Stored items:
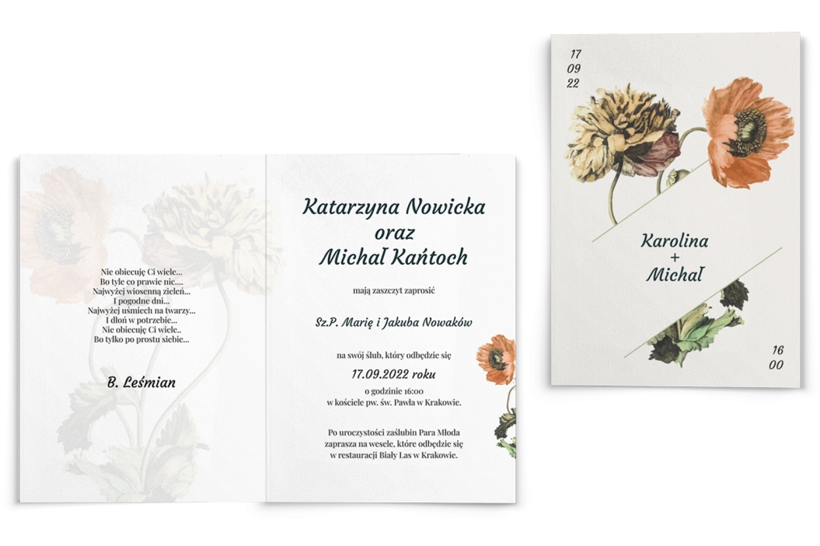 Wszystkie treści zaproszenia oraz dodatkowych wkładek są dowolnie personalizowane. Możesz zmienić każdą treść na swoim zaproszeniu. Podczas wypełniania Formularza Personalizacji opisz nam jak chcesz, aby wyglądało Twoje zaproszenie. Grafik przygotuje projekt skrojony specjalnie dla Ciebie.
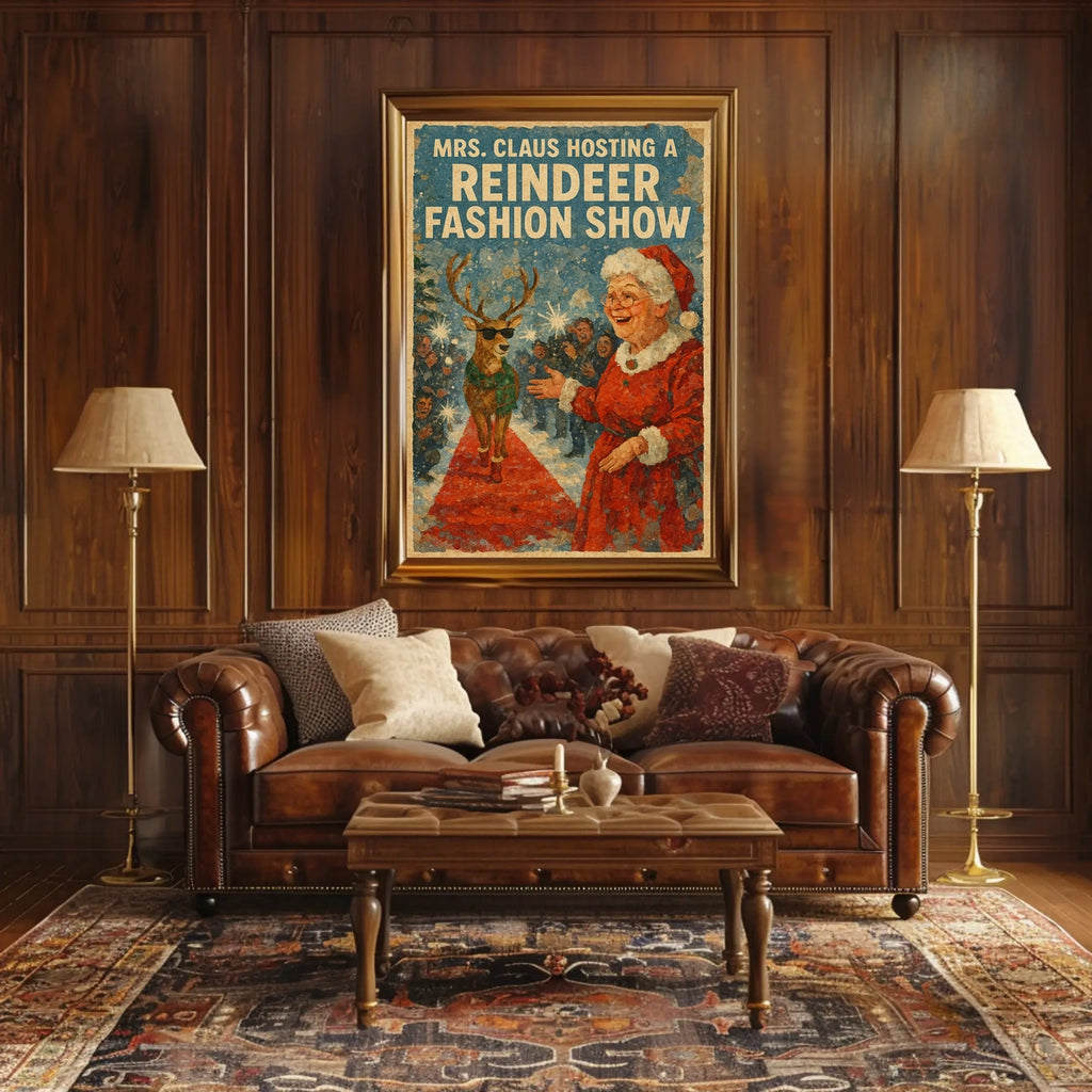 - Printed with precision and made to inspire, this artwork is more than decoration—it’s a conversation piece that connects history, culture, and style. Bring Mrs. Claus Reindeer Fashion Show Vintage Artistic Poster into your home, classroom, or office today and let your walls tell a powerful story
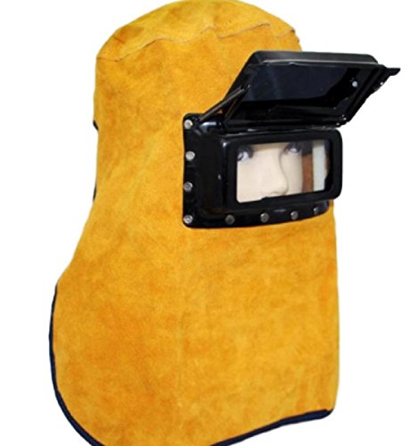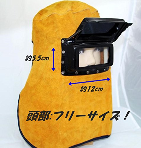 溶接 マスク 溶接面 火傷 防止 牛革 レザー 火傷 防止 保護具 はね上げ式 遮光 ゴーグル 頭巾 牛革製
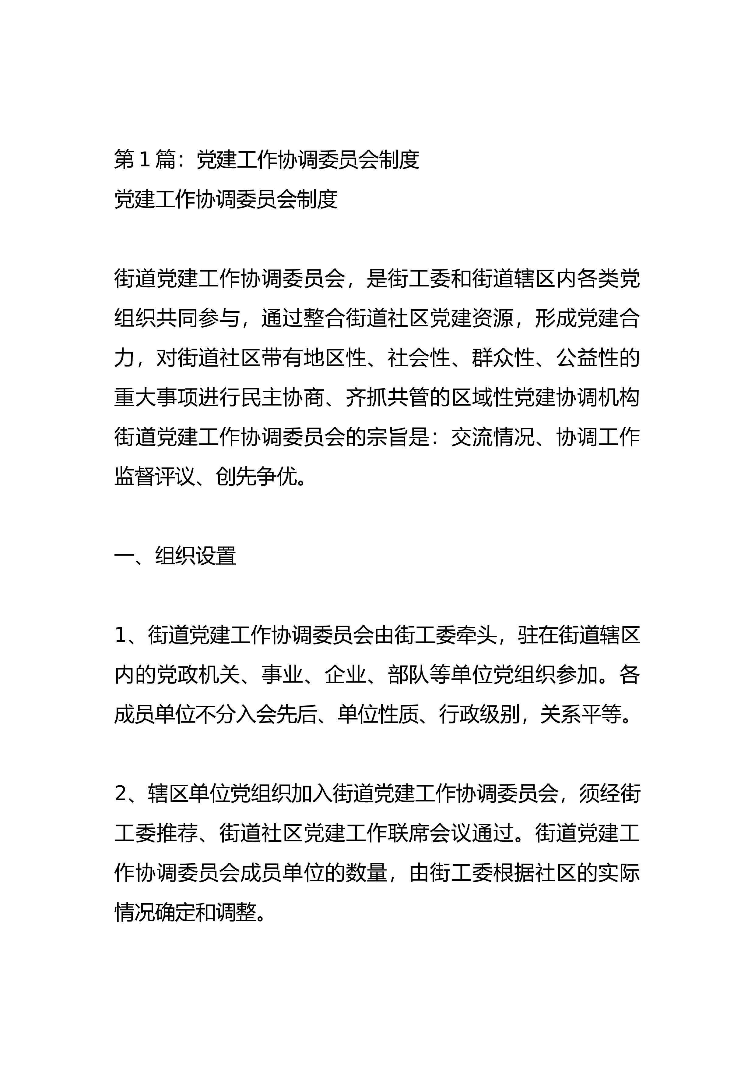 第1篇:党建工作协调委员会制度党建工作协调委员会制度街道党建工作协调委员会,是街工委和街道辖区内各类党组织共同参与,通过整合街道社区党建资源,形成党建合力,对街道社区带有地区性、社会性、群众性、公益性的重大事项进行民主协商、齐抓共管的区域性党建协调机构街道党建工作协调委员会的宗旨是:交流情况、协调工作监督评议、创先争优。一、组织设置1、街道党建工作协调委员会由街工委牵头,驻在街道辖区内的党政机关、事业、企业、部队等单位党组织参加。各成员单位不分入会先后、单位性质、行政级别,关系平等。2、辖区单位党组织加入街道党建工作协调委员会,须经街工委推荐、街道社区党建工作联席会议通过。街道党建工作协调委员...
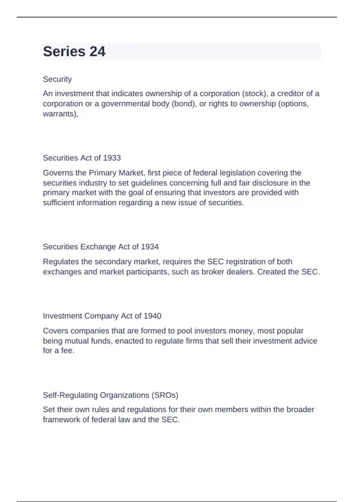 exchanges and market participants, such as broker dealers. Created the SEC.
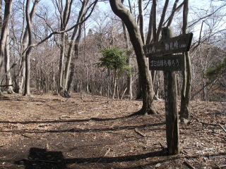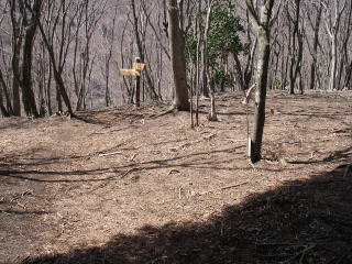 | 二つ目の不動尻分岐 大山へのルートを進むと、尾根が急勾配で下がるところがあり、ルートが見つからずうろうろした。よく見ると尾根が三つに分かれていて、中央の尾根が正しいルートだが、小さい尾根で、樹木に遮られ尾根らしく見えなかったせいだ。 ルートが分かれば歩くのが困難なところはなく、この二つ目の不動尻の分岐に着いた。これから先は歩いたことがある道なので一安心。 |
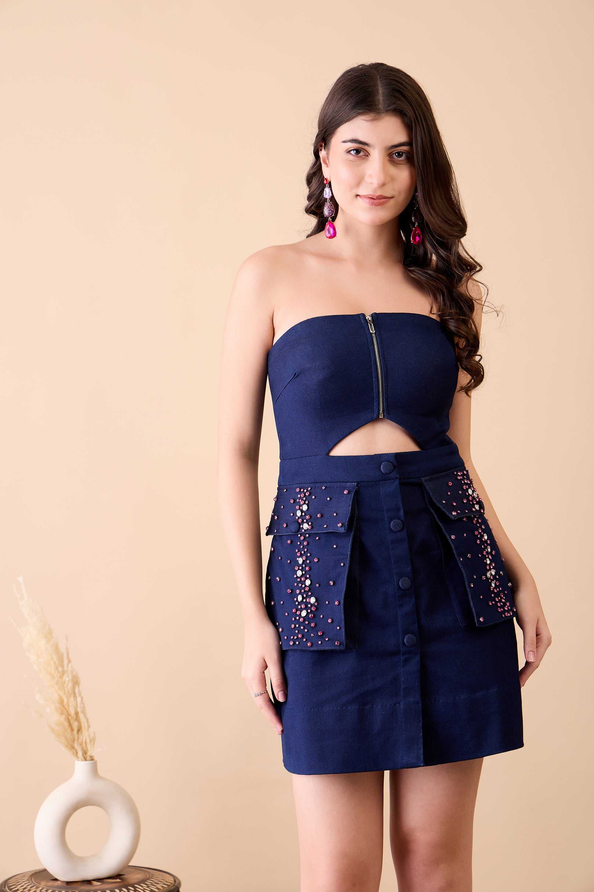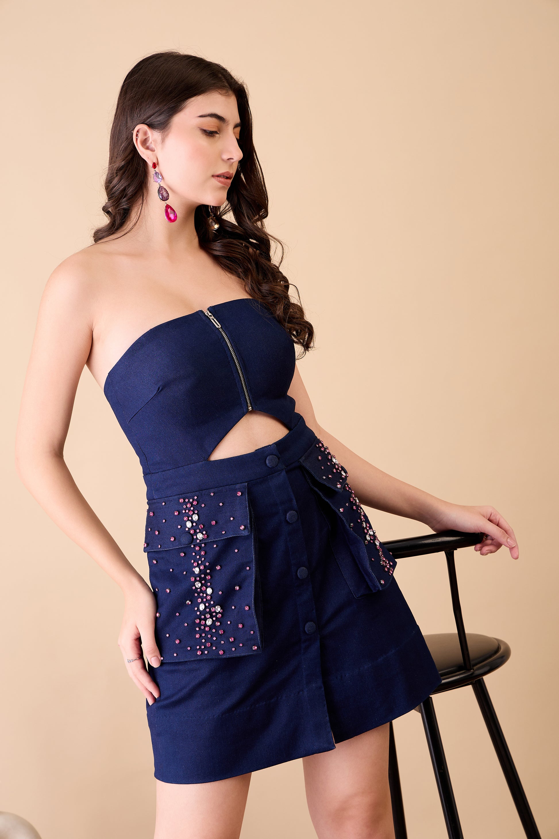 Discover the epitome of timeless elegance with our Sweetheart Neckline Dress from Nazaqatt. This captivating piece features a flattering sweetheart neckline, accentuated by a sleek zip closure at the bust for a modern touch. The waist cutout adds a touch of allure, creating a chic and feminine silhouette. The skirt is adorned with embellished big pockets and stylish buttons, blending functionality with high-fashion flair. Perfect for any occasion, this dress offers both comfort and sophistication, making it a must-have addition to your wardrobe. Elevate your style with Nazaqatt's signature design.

### ACTIVITY
Where the line containing "exchanges and market" appears, begin copying there and continue exactly through the final line of the records; both end lines belong in the copy, pictures do not.

### ANSWER TO THIS PROBLEM
 exchanges and market participants, such as broker dealers. Created the SEC.
 | 二つ目の不動尻分岐 大山へのルートを進むと、尾根が急勾配で下がるところがあり、ルートが見つからずうろうろした。よく見ると尾根が三つに分かれていて、中央の尾根が正しいルートだが、小さい尾根で、樹木に遮られ尾根らしく見えなかったせいだ。 ルートが分かれば歩くのが困難なところはなく、この二つ目の不動尻の分岐に着いた。これから先は歩いたことがある道なので一安心。 |
 Discover the epitome of timeless elegance with our Sweetheart Neckline Dress from Nazaqatt. This captivating piece features a flattering sweetheart neckline, accentuated by a sleek zip closure at the bust for a modern touch. The waist cutout adds a touch of allure, creating a chic and feminine silhouette. The skirt is adorned with embellished big pockets and stylish buttons, blending functionality with high-fashion flair. Perfect for any occasion, this dress offers both comfort and sophistication, making it a must-have addition to your wardrobe. Elevate your style with Nazaqatt's signature design.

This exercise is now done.